[TEXAS]. GOODRICH, Benjamin Briggs (1799-1860), Signer of Texas Declaration of Independence. Autograph letter signed to his brother Edmund H. Goodrich, Washington, Texas, 15 March 1836. 3 pages, 8vo, integral address leaf on page 4, severely stained (but legible), several holes affecting a few words, rectangular section torn from 2nd leaf with loss of 7 or 8 words in 5 lines, and all but "Go" of signature.
NINE DAYS AFTER THE ALAMO FALLS, A TEXAN VOWS TO AVENGE HIS BROTHER'S DEATH: "...ANOTHER VICTIM SHALL BE ADDED TO THEIR LIST OR I SEE TEXAS FREE AND INDEPENDENT"

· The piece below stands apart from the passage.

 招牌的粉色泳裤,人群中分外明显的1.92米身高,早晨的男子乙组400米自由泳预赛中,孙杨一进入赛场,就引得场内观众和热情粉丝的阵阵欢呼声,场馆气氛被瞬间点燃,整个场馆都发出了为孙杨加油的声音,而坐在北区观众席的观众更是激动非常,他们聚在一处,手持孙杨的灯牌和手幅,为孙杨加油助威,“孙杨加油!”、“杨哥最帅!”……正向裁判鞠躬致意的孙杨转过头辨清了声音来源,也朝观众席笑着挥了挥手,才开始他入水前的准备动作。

An impassioned, emotional letter in which Goodrich informs his brother of the death of another sibling, John C. Goodrich, at the Alamo and vows revenge: "Texas is in mourning, and it becomes my painful duty to inform my relations in Tennessee of the massacre of my poor brother John. He was murdered in the Texean Fortress of San Antonio de Bexar (known as the Alamo) on the night of the 6th...together with one hundred and eighty of our brave countrymen...no one escaped to tell the tale....The Alamo had been surrounded for many days by a besieging army of Mexicans...commanded by Genl. Antonio Lopez Antonio de Santa Anna in person...and every man was put to the sword." Seven defenders, "being all that were left alive, called for quarter and to see Santa Anna, who were instantly shot by the order of that fiendish tyrant." Goodrich describes the deaths of the Texas commander, Col. Travis, and other notables such as Davy Crockett, all of whom, he states, "died like men, and posterity will do them justice." Santa Anna's army remained in Texas "determined to carry on a war of extermination. We will meet him and teach the unprincipled scoundrel that freemen can never be conquered by the hireling soldiery of a military despot....We rush to the combat, and our motto is Revenge, Liberty or Death."

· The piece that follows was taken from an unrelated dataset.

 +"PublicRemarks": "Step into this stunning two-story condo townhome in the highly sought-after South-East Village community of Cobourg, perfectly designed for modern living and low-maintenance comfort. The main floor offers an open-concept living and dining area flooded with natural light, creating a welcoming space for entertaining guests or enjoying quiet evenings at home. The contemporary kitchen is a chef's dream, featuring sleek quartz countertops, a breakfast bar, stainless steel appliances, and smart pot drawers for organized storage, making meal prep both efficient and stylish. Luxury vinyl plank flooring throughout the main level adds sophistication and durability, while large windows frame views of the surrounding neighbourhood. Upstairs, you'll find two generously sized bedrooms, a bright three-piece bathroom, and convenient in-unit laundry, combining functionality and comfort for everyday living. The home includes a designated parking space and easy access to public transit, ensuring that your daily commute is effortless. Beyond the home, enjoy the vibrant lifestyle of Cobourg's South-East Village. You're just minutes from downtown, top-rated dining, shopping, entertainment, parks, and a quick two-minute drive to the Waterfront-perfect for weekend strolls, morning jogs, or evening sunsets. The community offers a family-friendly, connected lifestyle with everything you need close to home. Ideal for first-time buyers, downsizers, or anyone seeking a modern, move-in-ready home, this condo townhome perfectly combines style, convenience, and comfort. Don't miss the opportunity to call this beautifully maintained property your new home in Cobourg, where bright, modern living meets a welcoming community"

Goodrich, a member of the Texas Convention then meeting at Washington on the Brazos, signed the Texas declaration of independence. Here he vows: "So soon as the Convention...adjourns, I shall proceed forthwith to the army. The blood of a Goodrich has already crimsoned the soil of Texas and another victim shall be added to their list or I see Texas free and Independent." For the next several weeks after the Alamo massacre, Santa Anna's forces kept the Texans in retreat and disarray: "we know not," Goodrich writes, "at what moment we shall be compelled to move our women and children beyond their reach. Their mode of warfare is strictly savage, they fight under a Red banner..." But in a little over a month, Sam Houston rallied the Texans at San Jacinto and won a decisive victory on 20 April 1836, virtually assuring Texas's independence. In spite of its damaged condition, the Goodrich letter is an important document of the Texas independence movement.
Published (evidently from an imperfect transcript) in Jenkins, ed. Papers of the Texas Revolution, vol. 5, pp.80-82.